In the log files you provide in yacylogs30am.tar.gz, apart the traced OutOfMemory error, there is an interesting recurrent exception :

org.eclipse.jetty.server.AbstractConnector
java.nio.channels.ClosedSelectorException
    at sun.nio.ch.SelectorImpl.keys(SelectorImpl.java:68)
    at org.eclipse.jetty.io.ManagedSelector.size(ManagedSelector.java:104)
        ...

There is maybe something to dig here.
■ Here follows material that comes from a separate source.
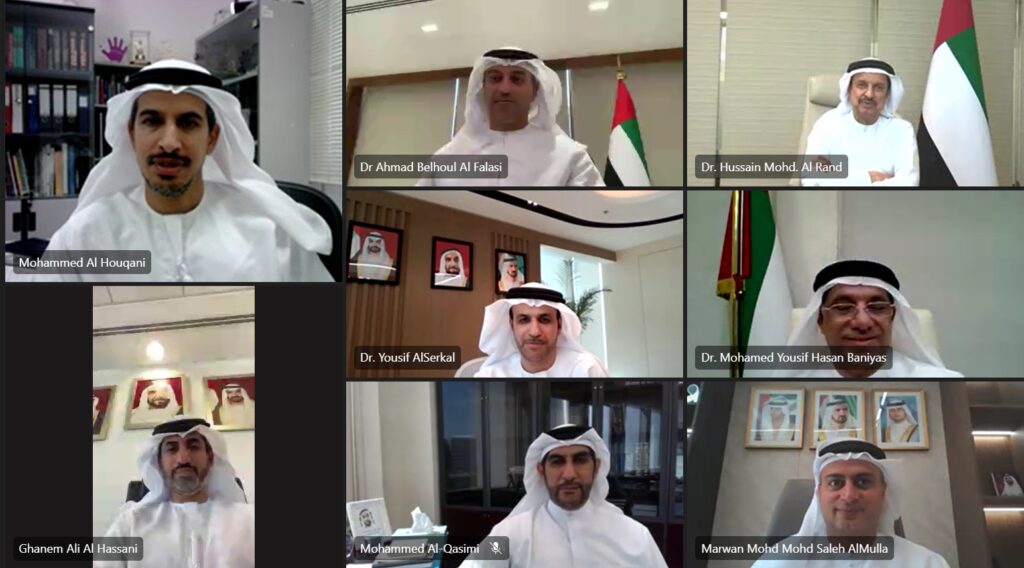 العين – 4 نوفمبر 2022: عقد مجلس إدارة المعهد الوطني للتخصصات الصحية إجتماعاً برئاسة معالي الدكتور أحمد بالهول الفلاسي – وزير التربية والتعليم،عبر تقنية الاتصال المرئي، بحضور أعضاء المجلس المكون من ممثلي الهيئات الصحية : سعادة الدكتور حسين عبد الرحمن الرند -وكيل الوزارة المساعد لقطاع الصحة العامة، وسعادة الدكتور جمال الكعبي-وكيل دائرة الصحة أبوظبي، وسعادة الدكتور يوسف محمد السركال- مدير عام مؤسسة الإمارات للخدمات الصحية، وسعادة الدكتور مروان الملا -المدير التنفيذي لقطاع التنظيم الصحي في هيئة الصحة في دبي، وسعادة الدكتور محمد يوسف بني ياس -مستشار وزارة التربية والتعليم مدير مفوضية الاعتماد الأكاديمي، والدكتور غانم علي الحساني- رئيس اللجنة العلمية المحلية ومدير التعليم والبحث في مجموعة “صحة”، وجمال عبد السلام – المدير التنفيذي لسلطة مدينة دبي الطبية، والأستاذ الدكتور محمد حسن القاسم -ممثل جامعة الإمارات، وسعادة الدكتور محمد الحوقاني -الأمين العام للمعهد الوطني للتخصصات الصحية.
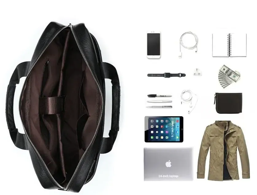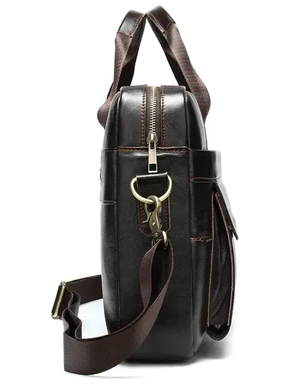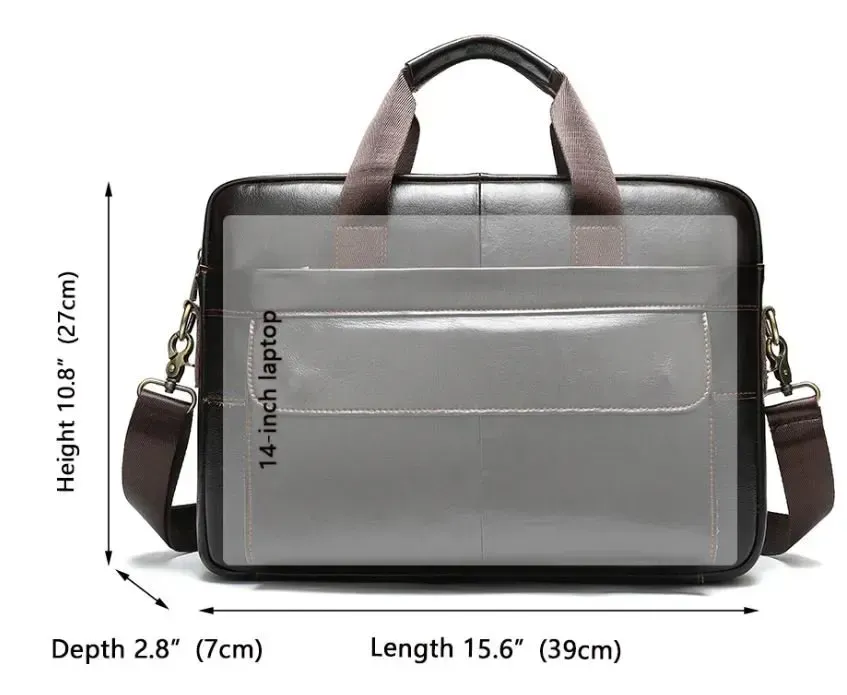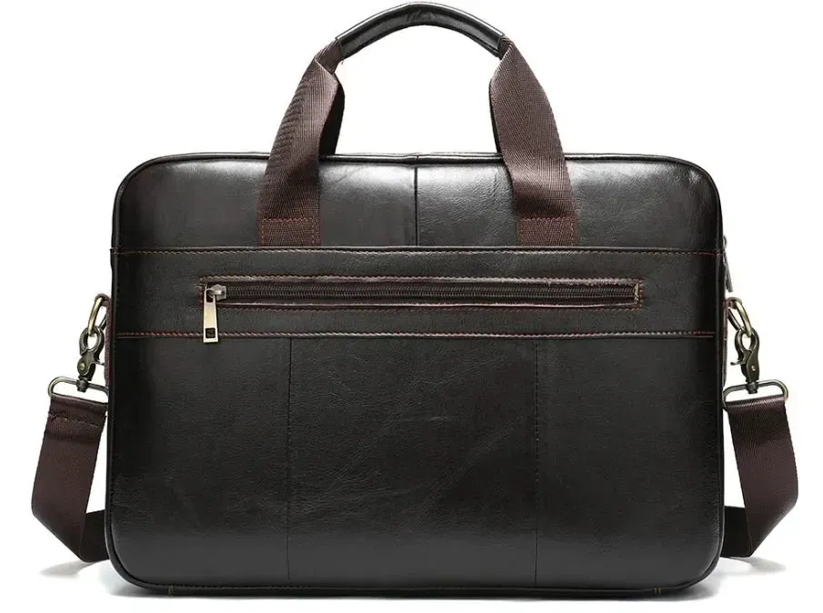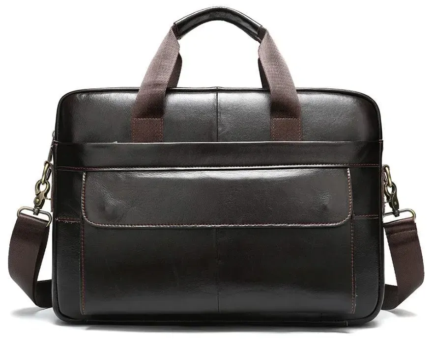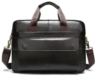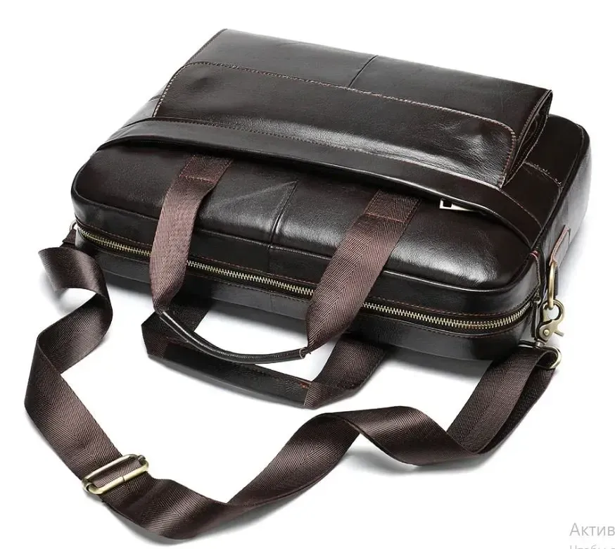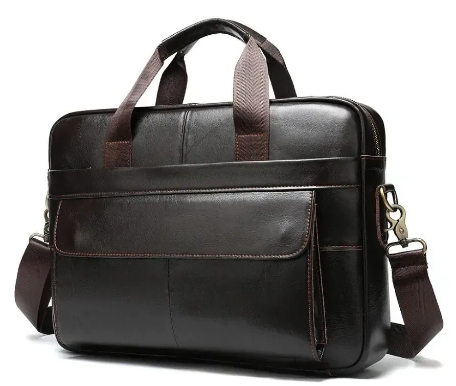 Солідна сумка для ділових чоловіків. Підкреслить ваш статус у суспільстві та відмінне почуття стилю. Аксесуар чудово впишеться у ваш діловий стиль. У сумці спокійно можна носити ноутбук та документи. Зручно гасає як у руках, так і на плечі за допомогою текстильної ручки. Дизайн аксесуарів виготовлений у класичному стилі. Модель прошита рудою ниткою та доповнена золотистою фурнітурою. Буде чудовим подарунком для будь-якого чоловіка. Купуючи таку сумку, ви будете здивовані, як вона приємно гасає. Аксесуар упакований у тканинний чохол.

And this kind of error seems to be mentioned in some other projects using Jetty as a webserver...
(0001482)
smokingwheels   
2017-10-05 14:37   
(edited on: 2017-10-05 14:40)
Hi Luc,
Dont worry to much I think my file system was set too high (775).
My Limit Crawler sits at 0 now.

Fixed now but thats the sort of thing that can happen if you leave the door open now days.

If you could run the jetty server thread in a controlled background process that may help. Sort of like a silent 503 but keep the caller online.